EXERCISE PROMPT
The answer should be every line below, repeated exactly, with the images left out.

MATERIAL PROVIDED

***

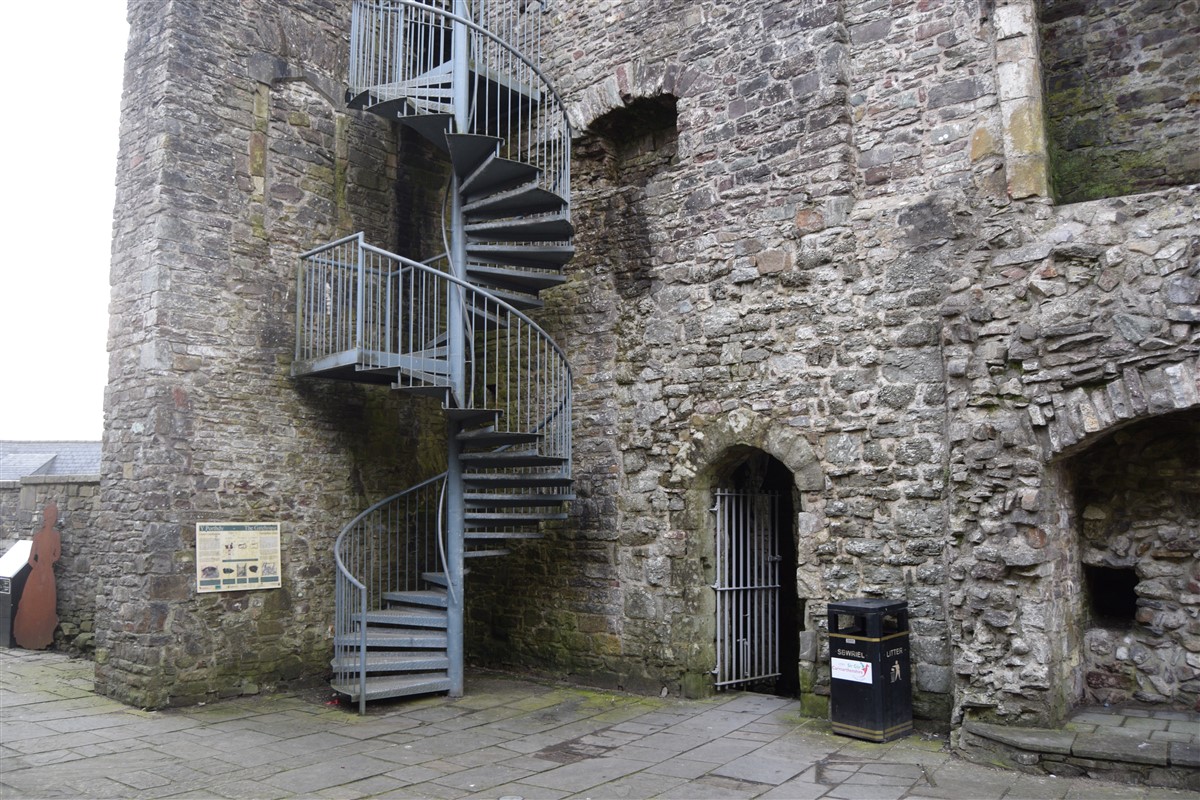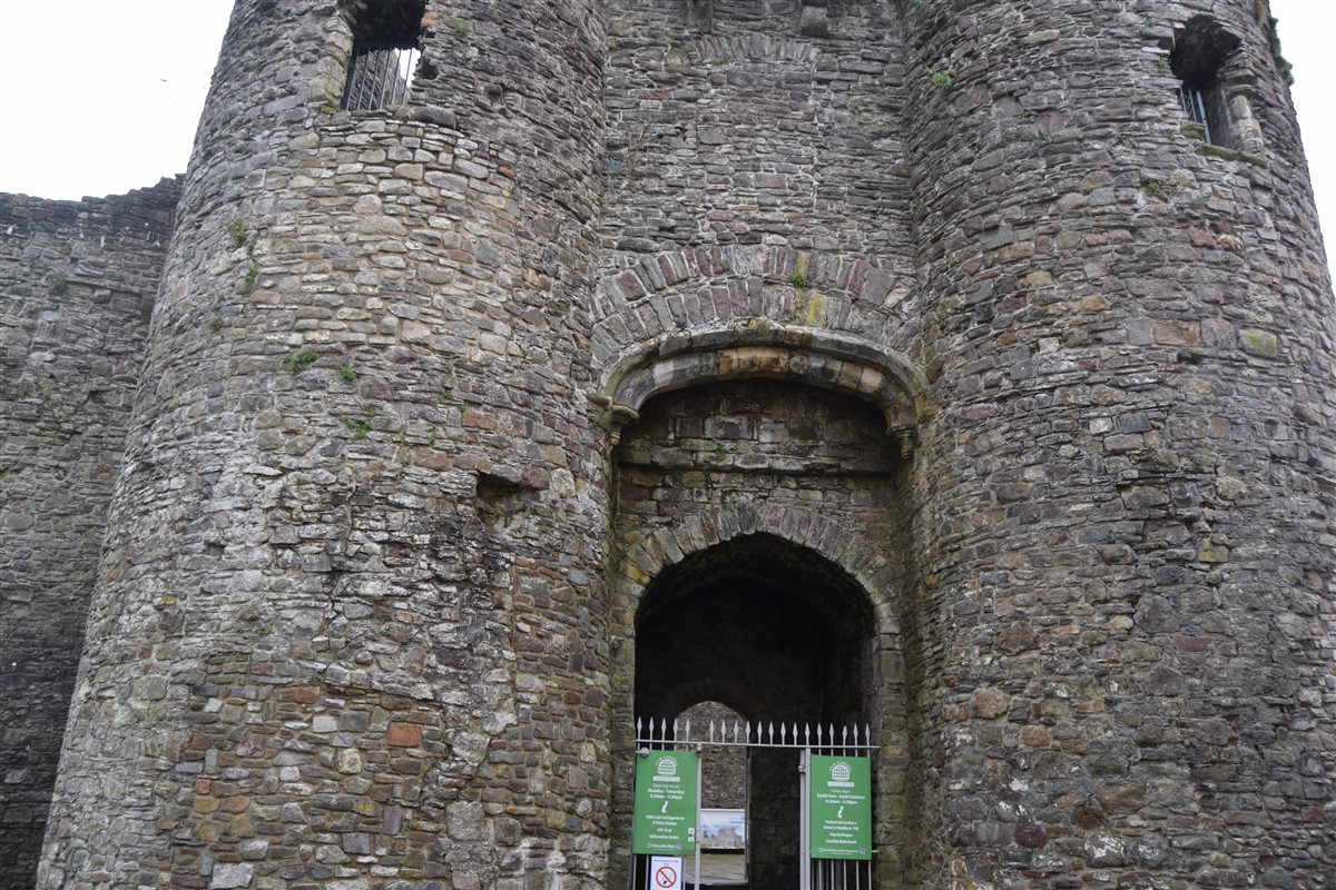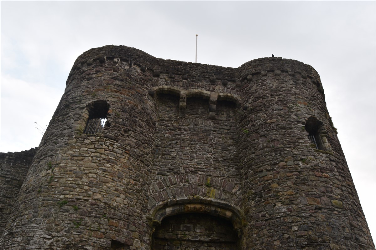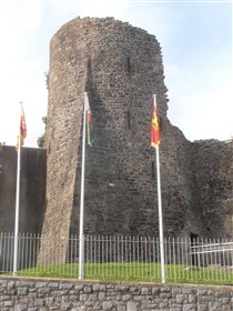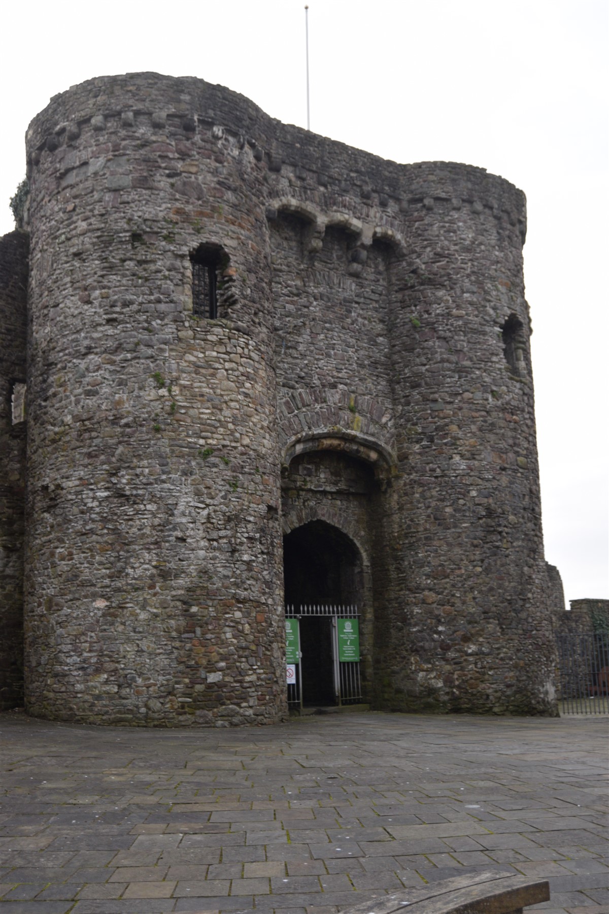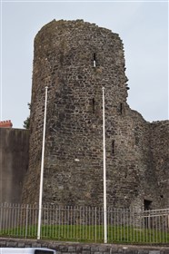 Remains of a rubble masonry castle, mainly C12-C14. Present ruins comprise a stone-revetted motte, twin-towered gatehouse (much altered from a probable 4-cornered gatehouse), a corner tower and wall turret with short sections of curtain wall, all to W of the site. To NW, motte walls have 2 small half-round turrets to N and paired buttresses representing the site of a further turret to W. Heavily repointed and repaired, there is little clear evidence of medieval fabric, the majority of the masonry appearing C19 in date. The curtain wall connecting the motte with the gatehouse is also largely rebuilt. Fine 3-storey rubble masonry gatehouse of c.1400, stylistically similar to Kidwelly Castle, possibly by same mason. Roughly square with paired turrets to façade, flanking large 4-centred gate arch. Gate passage partially blocked internally in C18 as part of gaol. Outer portcullis slot visible. Twin towers with formerly battlemented coping on raised corbel table. The upper floor originally held the constable's chambers and has ashlar traceried trefoil-headed window openings. SW tower possibly late C13, 3 storeys in height with fine angle spur buttresses, rounded exterior and square interior with openings to each storey. Basement has whitewashed interior with chute to SW beneath a 2-centred barrel-vaulted ceiling. SE angle has arched-headed door leading to newel stair access to upper storeys. Modern entrance from the terrace below the castle, inserted following excavation and consolidation in the 1990s. A short section of curtain survives to the east. E of this tower, on the S of the circuit, is the basement of the rectangular Water Tower. The interior is a tall square chamber in whitewashed rubble with a flat stone vault. Narrow openings to each face. S side partly rebuilt in 1960s. (Listed Building Report)
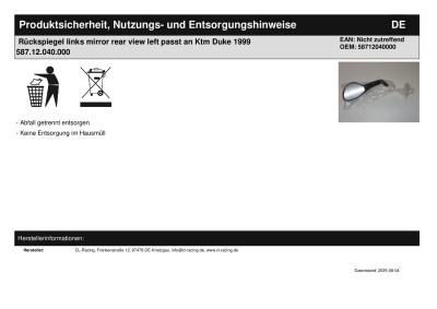 | Titel: | Rückspiegel links mirror rear view left passt an Ktm Duke 1999 587.12.040.000 |
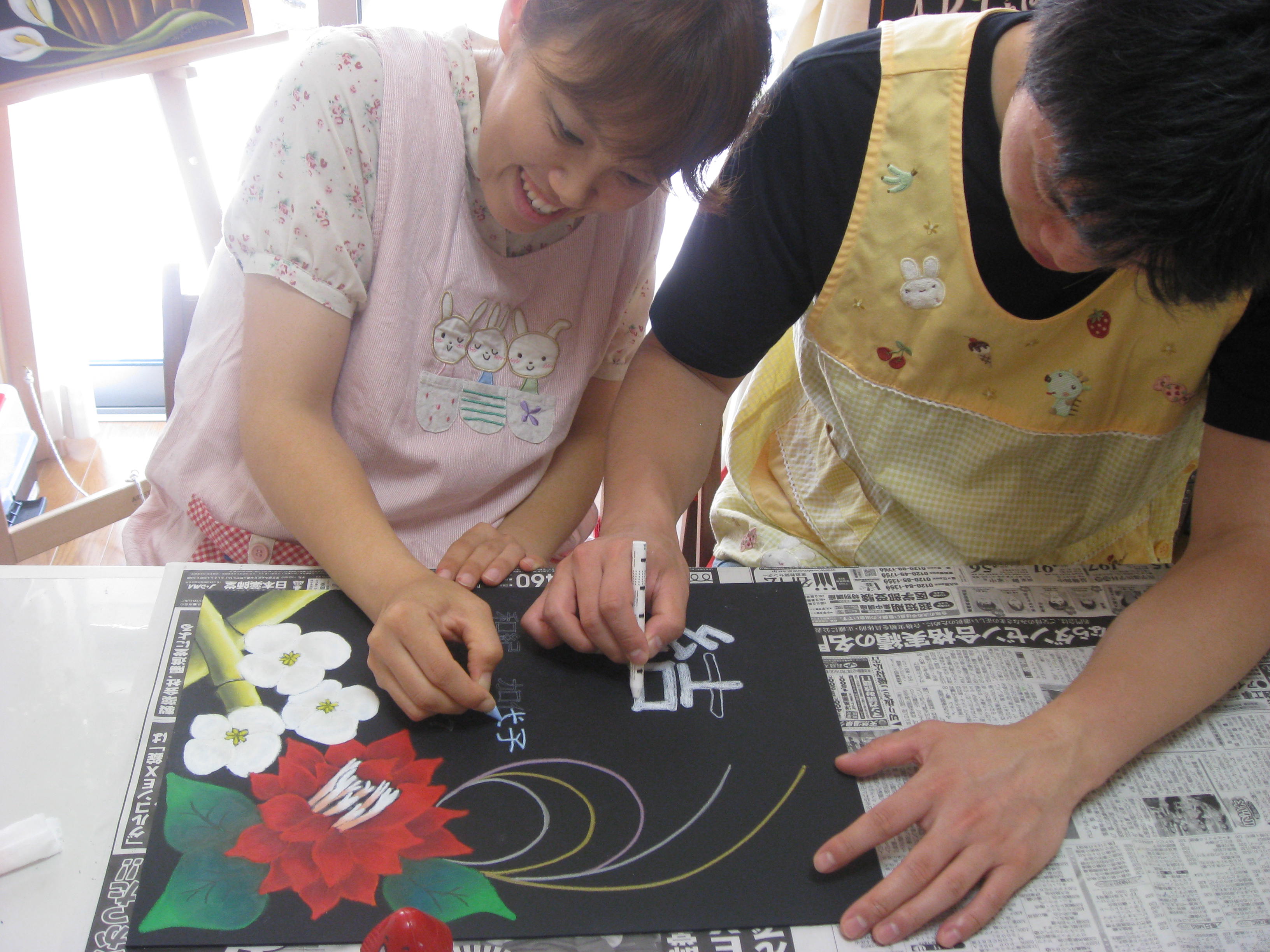 - 伝統的漆技法を応用し、お肌に優しい代用漆を使用して、お好みの漆の絵付けをします。 漆材料費込みで独自のオリジナルな額絵などを制作します。基本の板など以外に、別売りの器などでの絵付けも楽しいです。

***

RESPONSE
 Remains of a rubble masonry castle, mainly C12-C14. Present ruins comprise a stone-revetted motte, twin-towered gatehouse (much altered from a probable 4-cornered gatehouse), a corner tower and wall turret with short sections of curtain wall, all to W of the site. To NW, motte walls have 2 small half-round turrets to N and paired buttresses representing the site of a further turret to W. Heavily repointed and repaired, there is little clear evidence of medieval fabric, the majority of the masonry appearing C19 in date. The curtain wall connecting the motte with the gatehouse is also largely rebuilt. Fine 3-storey rubble masonry gatehouse of c.1400, stylistically similar to Kidwelly Castle, possibly by same mason. Roughly square with paired turrets to façade, flanking large 4-centred gate arch. Gate passage partially blocked internally in C18 as part of gaol. Outer portcullis slot visible. Twin towers with formerly battlemented coping on raised corbel table. The upper floor originally held the constable's chambers and has ashlar traceried trefoil-headed window openings. SW tower possibly late C13, 3 storeys in height with fine angle spur buttresses, rounded exterior and square interior with openings to each storey. Basement has whitewashed interior with chute to SW beneath a 2-centred barrel-vaulted ceiling. SE angle has arched-headed door leading to newel stair access to upper storeys. Modern entrance from the terrace below the castle, inserted following excavation and consolidation in the 1990s. A short section of curtain survives to the east. E of this tower, on the S of the circuit, is the basement of the rectangular Water Tower. The interior is a tall square chamber in whitewashed rubble with a flat stone vault. Narrow openings to each face. S side partly rebuilt in 1960s. (Listed Building Report)
 | Titel: | Rückspiegel links mirror rear view left passt an Ktm Duke 1999 587.12.040.000 |
 - 伝統的漆技法を応用し、お肌に優しい代用漆を使用して、お好みの漆の絵付けをします。 漆材料費込みで独自のオリジナルな額絵などを制作します。基本の板など以外に、別売りの器などでの絵付けも楽しいです。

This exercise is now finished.